If you are asking specifically about Quine's position, he sticks rigidly to classical logic. He does not accept logical pluralism and does not allow that any contradictions are true. In Two Dogmas (1951), Quine says that logic itself may be revisable in the light of experience, but by the time he wrote Philosophy of Logic (1970), he had retreated away from this position and held that classical logic is the only logic and that anyone who uses anything else is changing the subject.
On his earlier view, a change in logic might be motivated by the usual pragmatic considerations that lead us to favour one theory over another: simplicity, expressive power, consilience, parsimony, lack of adhocness, explanatory power, etc.

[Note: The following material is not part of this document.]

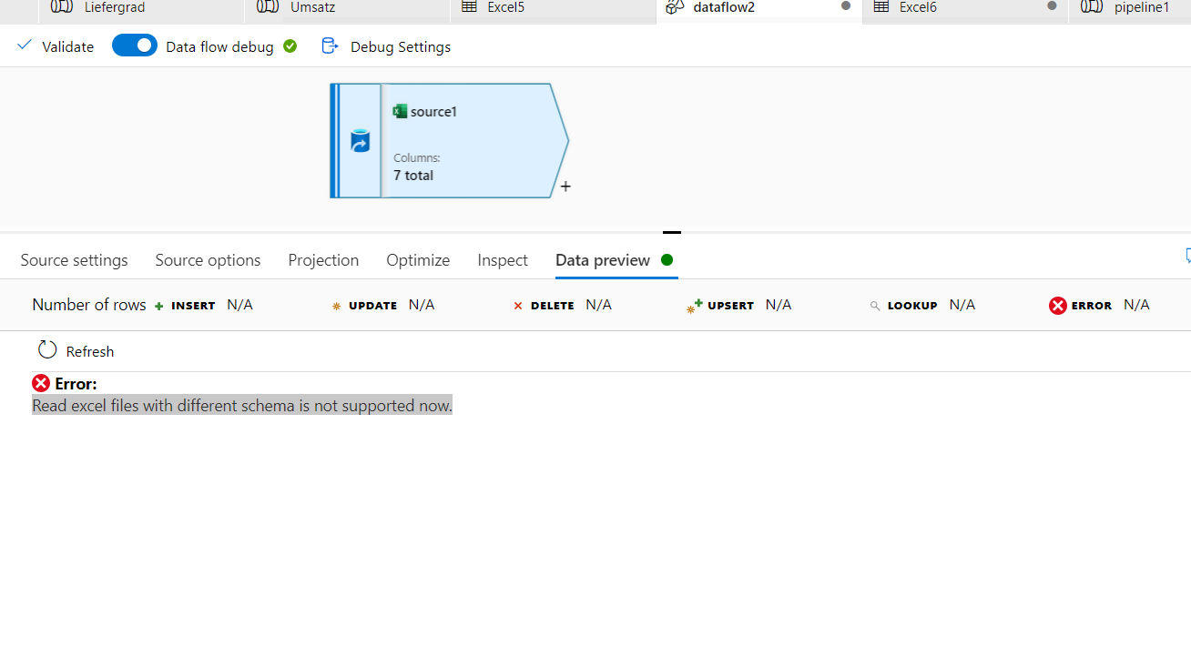 我在数据湖中有很多excel文件。我试图在数据流中读取数据,并使其低于错误。

Maybe a different logic provides a better way of enabling us to describe the world, or at least to describe some particular domain of application. On this view, logic consists of the most tightly held threads in our web of belief, and so are highly resistant to revision, but not immune.
On his later view, only classical logic, specifically first order classical logic, qualifies to be called logic. Quine doesn't believe in 'meanings' but he comes extremely close to saying that classical logic is guaranteed by what logical terms mean, and anyone who uses a different logic is changing the meaning. For myself, I find his earlier position more consistent. Claiming that some sentences, even logical truths, must be true because of their meanings is what Quine criticised in his earlier work, including Truth by Convention (1936), Two Dogmas of Empiricism (1951), Carnap and Logical Truth (1954) and Word and Object (1960).

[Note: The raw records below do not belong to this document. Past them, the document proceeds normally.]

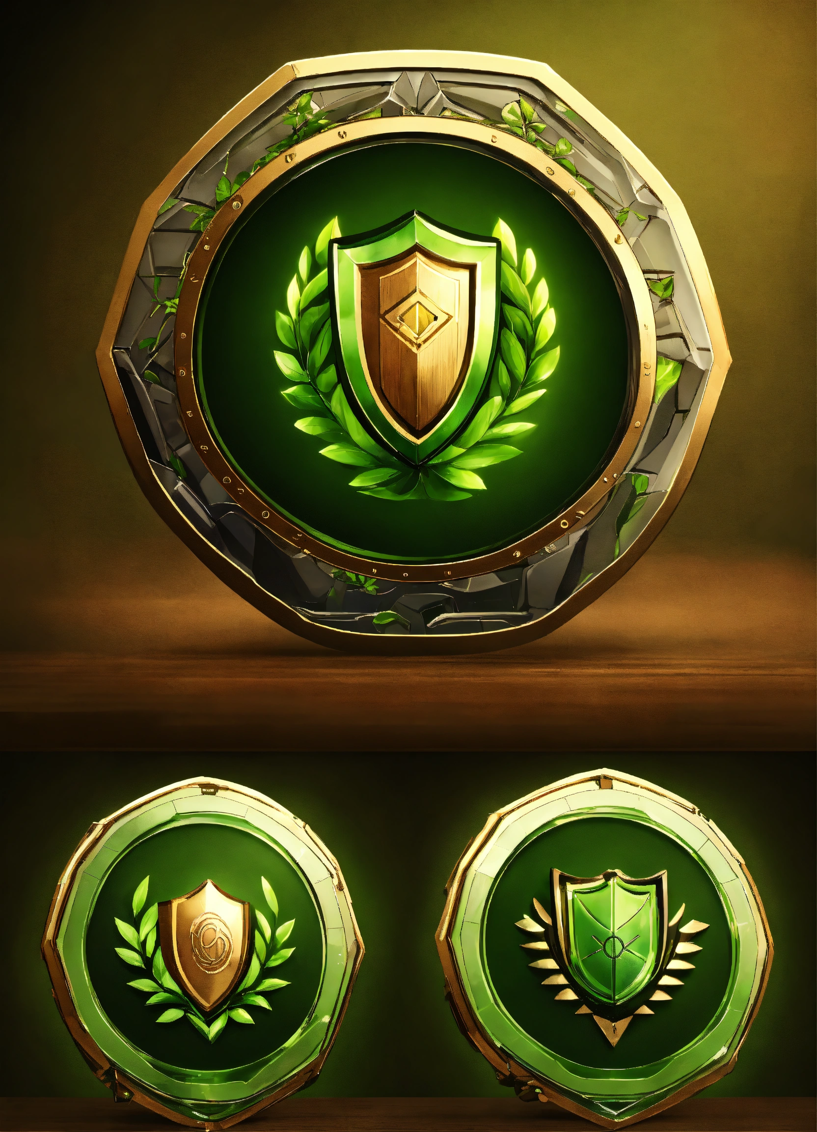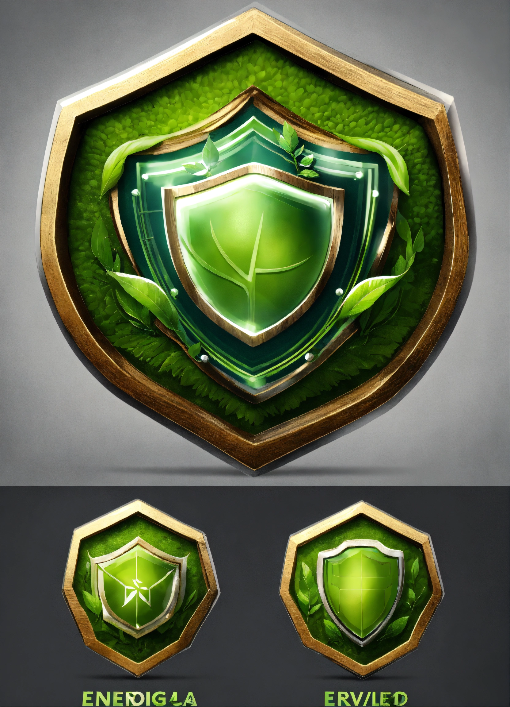 Logo, shield, armor, ecología, icon, energia renovable, organico, vegetales, shield round, hexagon, circle, coinlogo, elegant, highly detailed, futuristic
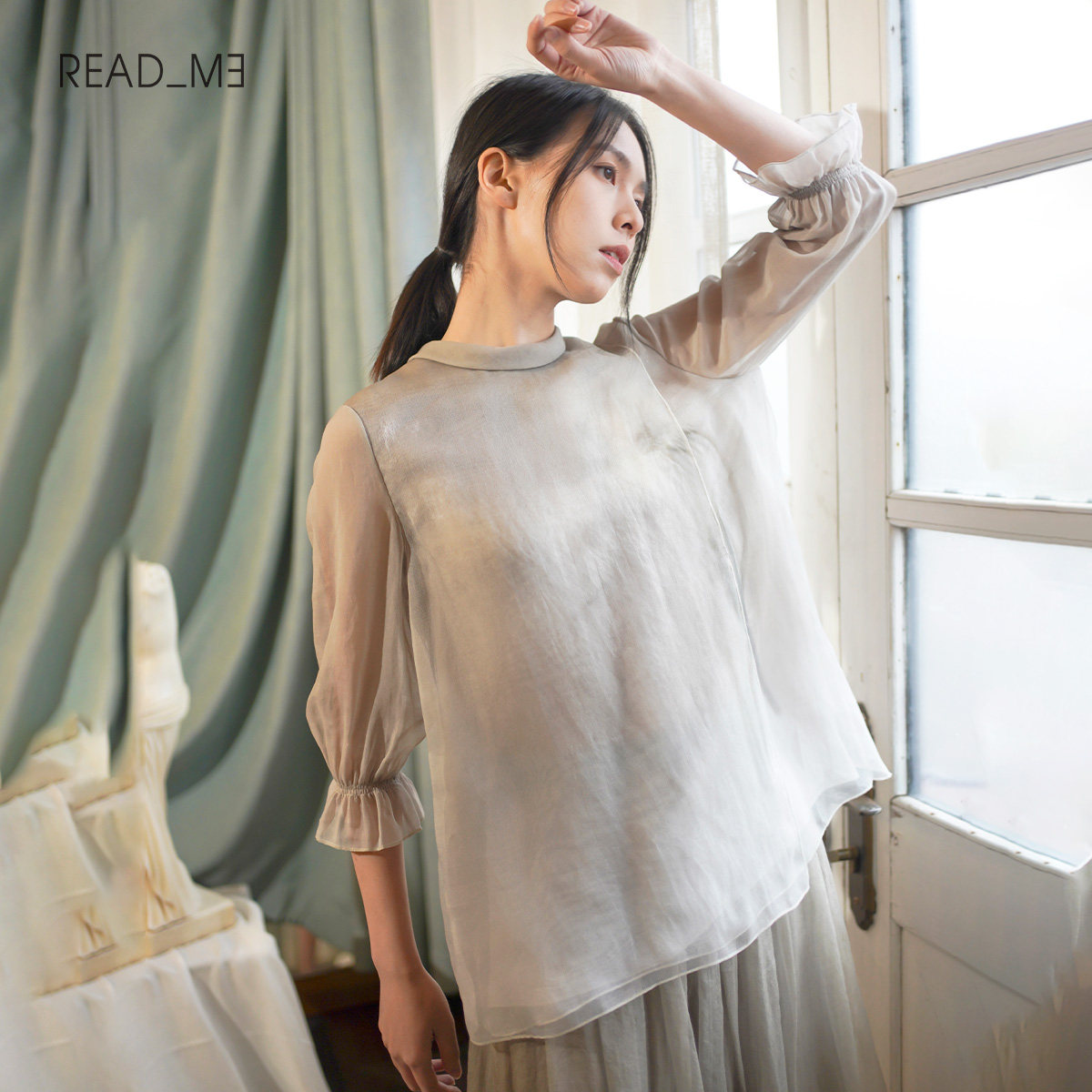 - 女式桑蚕丝长袖上衣
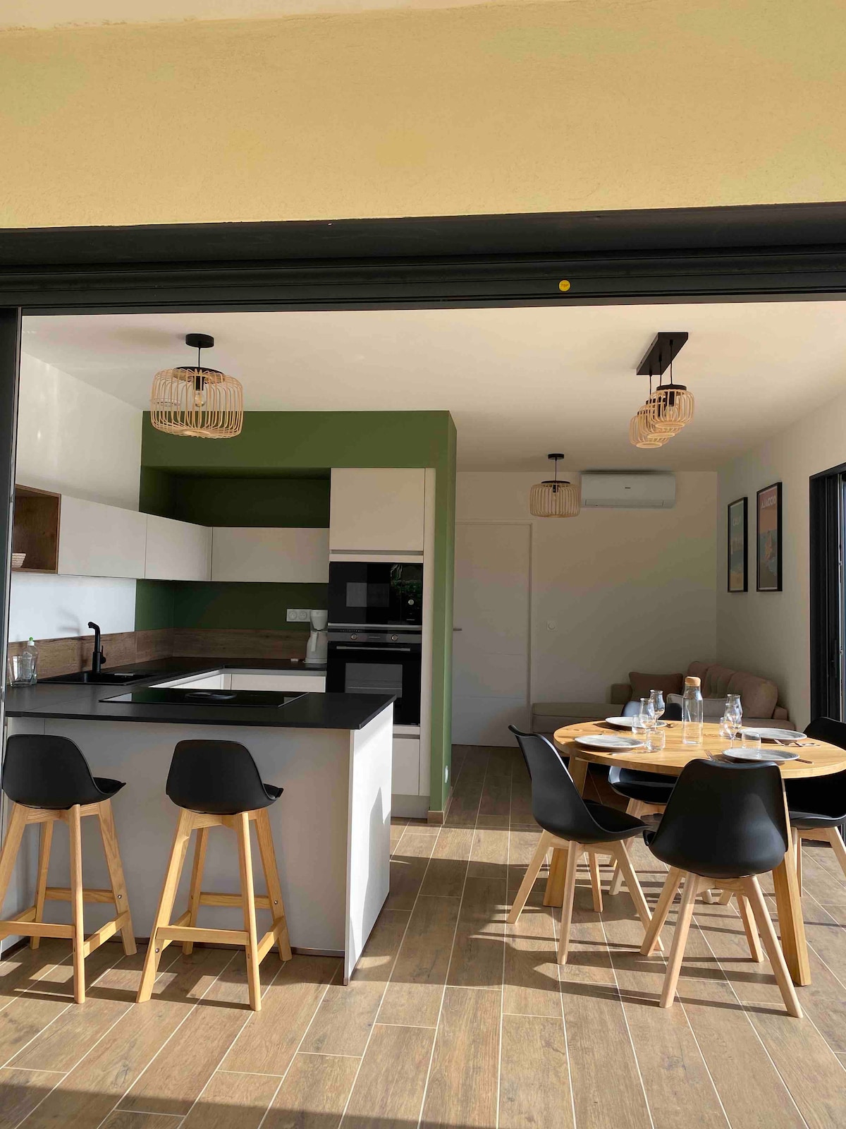 Completamente independiente, situada en un pueblo tranquilo en la orilla sur, Bastelicaccia, a 10 minutos de Ajaccio y de las playas más hermosas de Porticcio. Lago de Tolla y montaña a 20 minutos. Aire acondicionado individual en cada habitación, cocina abierta al salón. Horno de convección, lavavajillas y lavadora, microondas, nevera/congelador, placa de inducción. Salón equipado con sofá con pantalla plana de 102 cm. 2 habitaciones, camas de 140, espejos, armarios empotrados. Wifi gratuito

Moving beyond Quine, holism is not incompatible with logical pluralism. It is common to hold that theories are underdetermined by data. So we may have several rival theories that are consistent with known data, are self-consistent, but are not compatible with each other. A logical pluralist might say the same for logic. Maybe logics are underdetermined by the totality of our experience of the world, and so there are several logics, with no definite criteria by which to say that one is uniquely correct.
A weaker form of pluralism relativises logic to a domain of application, or a case. We may want a logic of truth, a logic of obligation, a logic of necessity, a logic of assertability, a logic of proof, etc., and these turn out to be different logics. On this weaker view, there are lots of territories and each territory needs a different map. On the stronger version of pluralism, there are several maps of a single territory with no way to choose between them.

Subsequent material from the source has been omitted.